Only the pictures are to be left out, and the rest of the entries should be reproduced exactly.

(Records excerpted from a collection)
>>>

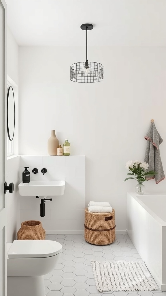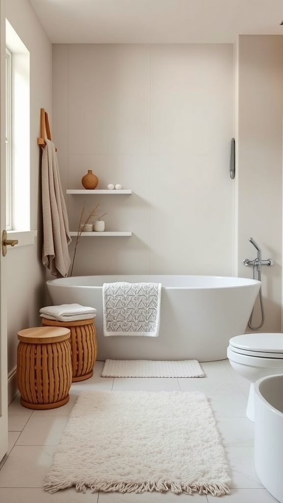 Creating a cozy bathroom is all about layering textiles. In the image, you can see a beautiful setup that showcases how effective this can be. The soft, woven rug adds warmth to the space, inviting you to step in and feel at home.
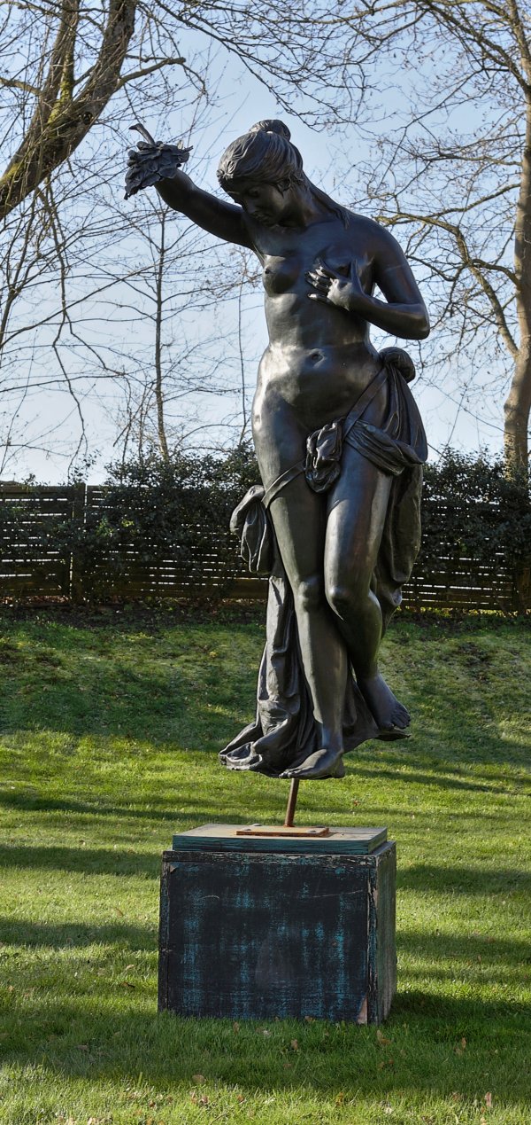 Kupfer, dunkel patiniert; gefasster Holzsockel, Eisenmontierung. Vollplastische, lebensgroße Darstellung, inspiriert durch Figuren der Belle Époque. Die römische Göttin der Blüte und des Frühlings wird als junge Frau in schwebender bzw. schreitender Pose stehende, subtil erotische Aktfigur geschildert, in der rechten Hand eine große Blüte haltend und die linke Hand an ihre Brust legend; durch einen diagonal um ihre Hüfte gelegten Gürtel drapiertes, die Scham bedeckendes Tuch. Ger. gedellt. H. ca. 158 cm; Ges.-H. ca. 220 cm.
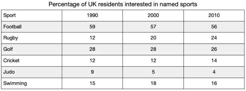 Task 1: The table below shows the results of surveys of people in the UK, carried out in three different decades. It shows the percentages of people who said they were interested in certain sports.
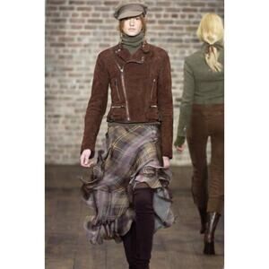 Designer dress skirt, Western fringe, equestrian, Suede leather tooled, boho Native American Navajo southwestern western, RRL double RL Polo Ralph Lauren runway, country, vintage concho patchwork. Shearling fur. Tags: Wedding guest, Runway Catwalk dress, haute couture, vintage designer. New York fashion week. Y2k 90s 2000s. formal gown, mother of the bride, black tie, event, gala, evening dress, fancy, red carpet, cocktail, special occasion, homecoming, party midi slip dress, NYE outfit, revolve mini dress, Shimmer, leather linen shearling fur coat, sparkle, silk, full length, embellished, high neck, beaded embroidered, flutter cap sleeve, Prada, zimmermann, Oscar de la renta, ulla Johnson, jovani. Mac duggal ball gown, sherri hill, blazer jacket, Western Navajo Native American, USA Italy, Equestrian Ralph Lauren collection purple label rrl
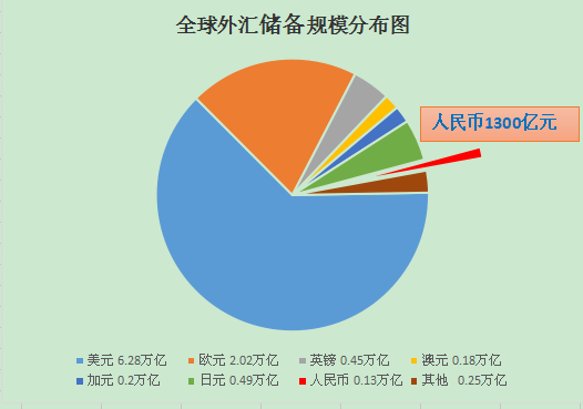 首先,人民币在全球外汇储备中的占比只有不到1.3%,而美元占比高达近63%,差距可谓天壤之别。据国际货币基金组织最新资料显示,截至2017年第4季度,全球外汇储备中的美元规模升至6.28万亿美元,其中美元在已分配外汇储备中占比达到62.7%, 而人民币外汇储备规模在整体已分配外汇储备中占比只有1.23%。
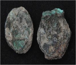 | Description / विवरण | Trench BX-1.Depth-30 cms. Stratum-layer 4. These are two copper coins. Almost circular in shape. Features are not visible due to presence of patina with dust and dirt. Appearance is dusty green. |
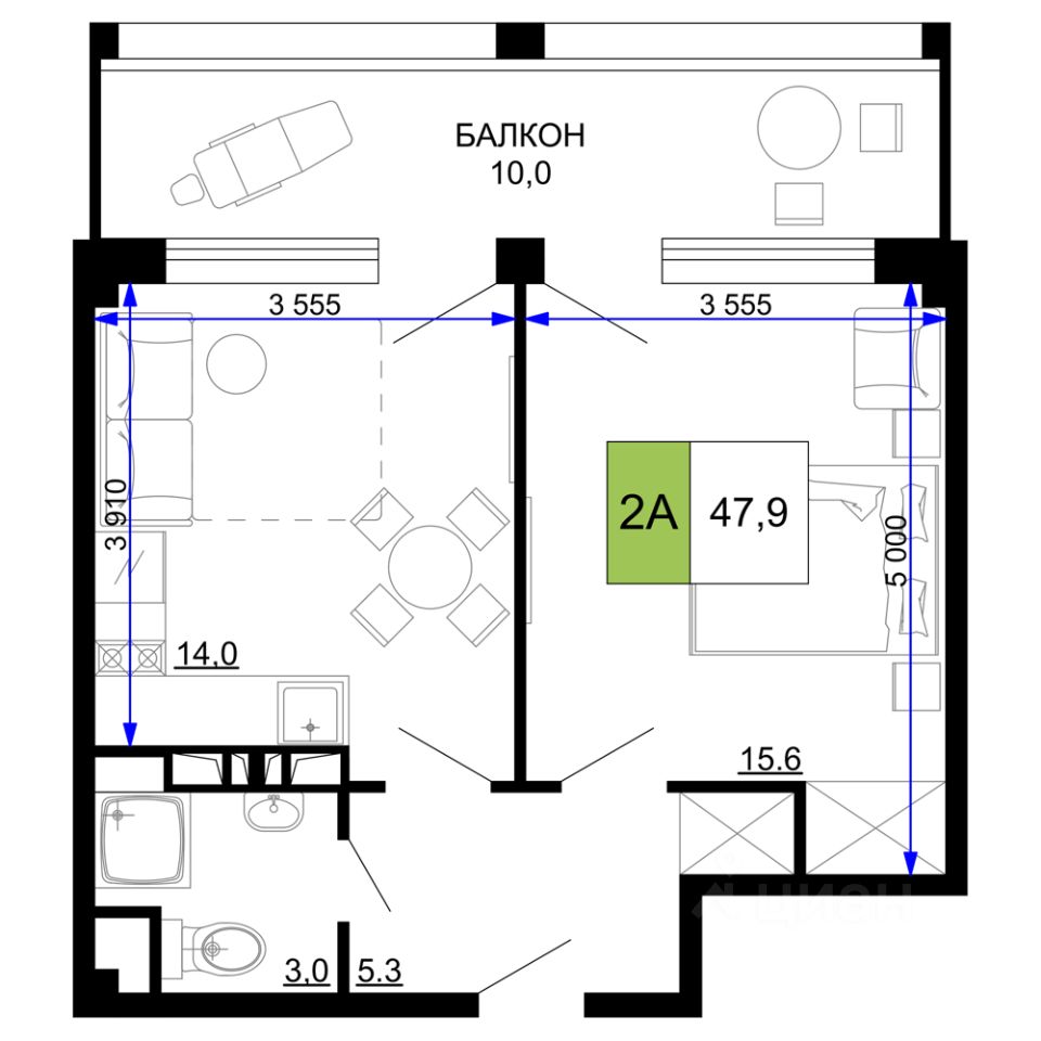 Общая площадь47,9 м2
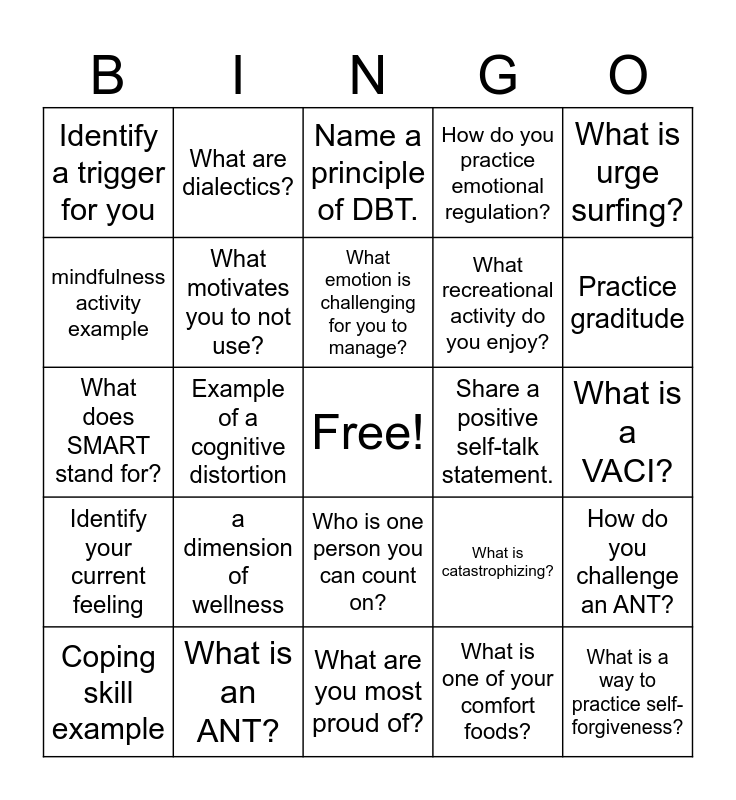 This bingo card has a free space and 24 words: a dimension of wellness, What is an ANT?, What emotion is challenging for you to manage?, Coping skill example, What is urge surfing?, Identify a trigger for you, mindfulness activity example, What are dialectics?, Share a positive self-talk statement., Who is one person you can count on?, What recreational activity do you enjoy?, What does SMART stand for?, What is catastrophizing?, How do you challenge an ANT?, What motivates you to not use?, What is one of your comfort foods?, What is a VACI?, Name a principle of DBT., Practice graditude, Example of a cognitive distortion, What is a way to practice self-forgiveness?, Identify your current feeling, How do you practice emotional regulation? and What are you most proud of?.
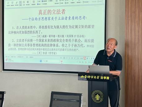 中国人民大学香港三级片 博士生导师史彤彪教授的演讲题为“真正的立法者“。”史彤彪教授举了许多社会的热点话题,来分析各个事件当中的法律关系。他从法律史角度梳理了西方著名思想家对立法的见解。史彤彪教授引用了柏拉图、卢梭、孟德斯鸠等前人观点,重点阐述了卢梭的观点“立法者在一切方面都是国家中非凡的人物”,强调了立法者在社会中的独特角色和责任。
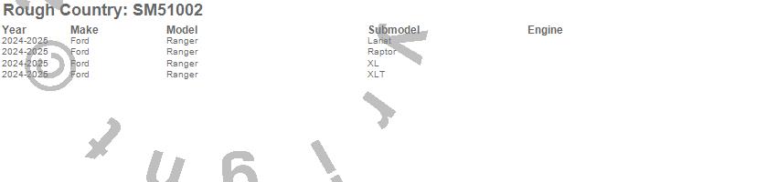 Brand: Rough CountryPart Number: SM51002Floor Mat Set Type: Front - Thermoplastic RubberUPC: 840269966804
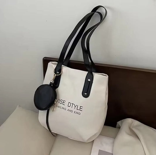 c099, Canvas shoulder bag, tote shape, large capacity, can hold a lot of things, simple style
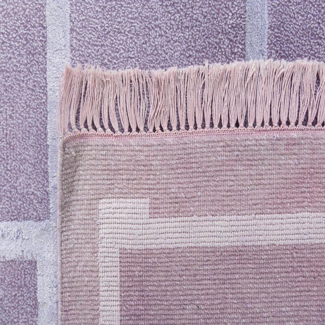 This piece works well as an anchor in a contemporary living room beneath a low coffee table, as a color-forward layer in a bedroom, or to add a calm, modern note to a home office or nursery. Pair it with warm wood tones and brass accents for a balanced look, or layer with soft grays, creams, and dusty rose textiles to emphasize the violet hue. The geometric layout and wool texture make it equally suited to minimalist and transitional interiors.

<<<

**Output for this exercise:**
 Creating a cozy bathroom is all about layering textiles. In the image, you can see a beautiful setup that showcases how effective this can be. The soft, woven rug adds warmth to the space, inviting you to step in and feel at home.
 Kupfer, dunkel patiniert; gefasster Holzsockel, Eisenmontierung. Vollplastische, lebensgroße Darstellung, inspiriert durch Figuren der Belle Époque. Die römische Göttin der Blüte und des Frühlings wird als junge Frau in schwebender bzw. schreitender Pose stehende, subtil erotische Aktfigur geschildert, in der rechten Hand eine große Blüte haltend und die linke Hand an ihre Brust legend; durch einen diagonal um ihre Hüfte gelegten Gürtel drapiertes, die Scham bedeckendes Tuch. Ger. gedellt. H. ca. 158 cm; Ges.-H. ca. 220 cm.
 Task 1: The table below shows the results of surveys of people in the UK, carried out in three different decades. It shows the percentages of people who said they were interested in certain sports.
 Designer dress skirt, Western fringe, equestrian, Suede leather tooled, boho Native American Navajo southwestern western, RRL double RL Polo Ralph Lauren runway, country, vintage concho patchwork. Shearling fur. Tags: Wedding guest, Runway Catwalk dress, haute couture, vintage designer. New York fashion week. Y2k 90s 2000s. formal gown, mother of the bride, black tie, event, gala, evening dress, fancy, red carpet, cocktail, special occasion, homecoming, party midi slip dress, NYE outfit, revolve mini dress, Shimmer, leather linen shearling fur coat, sparkle, silk, full length, embellished, high neck, beaded embroidered, flutter cap sleeve, Prada, zimmermann, Oscar de la renta, ulla Johnson, jovani. Mac duggal ball gown, sherri hill, blazer jacket, Western Navajo Native American, USA Italy, Equestrian Ralph Lauren collection purple label rrl
 首先,人民币在全球外汇储备中的占比只有不到1.3%,而美元占比高达近63%,差距可谓天壤之别。据国际货币基金组织最新资料显示,截至2017年第4季度,全球外汇储备中的美元规模升至6.28万亿美元,其中美元在已分配外汇储备中占比达到62.7%, 而人民币外汇储备规模在整体已分配外汇储备中占比只有1.23%。
 | Description / विवरण | Trench BX-1.Depth-30 cms. Stratum-layer 4. These are two copper coins. Almost circular in shape. Features are not visible due to presence of patina with dust and dirt. Appearance is dusty green. |
 Общая площадь47,9 м2
 This bingo card has a free space and 24 words: a dimension of wellness, What is an ANT?, What emotion is challenging for you to manage?, Coping skill example, What is urge surfing?, Identify a trigger for you, mindfulness activity example, What are dialectics?, Share a positive self-talk statement., Who is one person you can count on?, What recreational activity do you enjoy?, What does SMART stand for?, What is catastrophizing?, How do you challenge an ANT?, What motivates you to not use?, What is one of your comfort foods?, What is a VACI?, Name a principle of DBT., Practice graditude, Example of a cognitive distortion, What is a way to practice self-forgiveness?, Identify your current feeling, How do you practice emotional regulation? and What are you most proud of?.
 中国人民大学香港三级片 博士生导师史彤彪教授的演讲题为“真正的立法者“。”史彤彪教授举了许多社会的热点话题,来分析各个事件当中的法律关系。他从法律史角度梳理了西方著名思想家对立法的见解。史彤彪教授引用了柏拉图、卢梭、孟德斯鸠等前人观点,重点阐述了卢梭的观点“立法者在一切方面都是国家中非凡的人物”,强调了立法者在社会中的独特角色和责任。
 Brand: Rough CountryPart Number: SM51002Floor Mat Set Type: Front - Thermoplastic RubberUPC: 840269966804
 c099, Canvas shoulder bag, tote shape, large capacity, can hold a lot of things, simple style
 This piece works well as an anchor in a contemporary living room beneath a low coffee table, as a color-forward layer in a bedroom, or to add a calm, modern note to a home office or nursery. Pair it with warm wood tones and brass accents for a balanced look, or layer with soft grays, creams, and dusty rose textiles to emphasize the violet hue. The geometric layout and wool texture make it equally suited to minimalist and transitional interiors.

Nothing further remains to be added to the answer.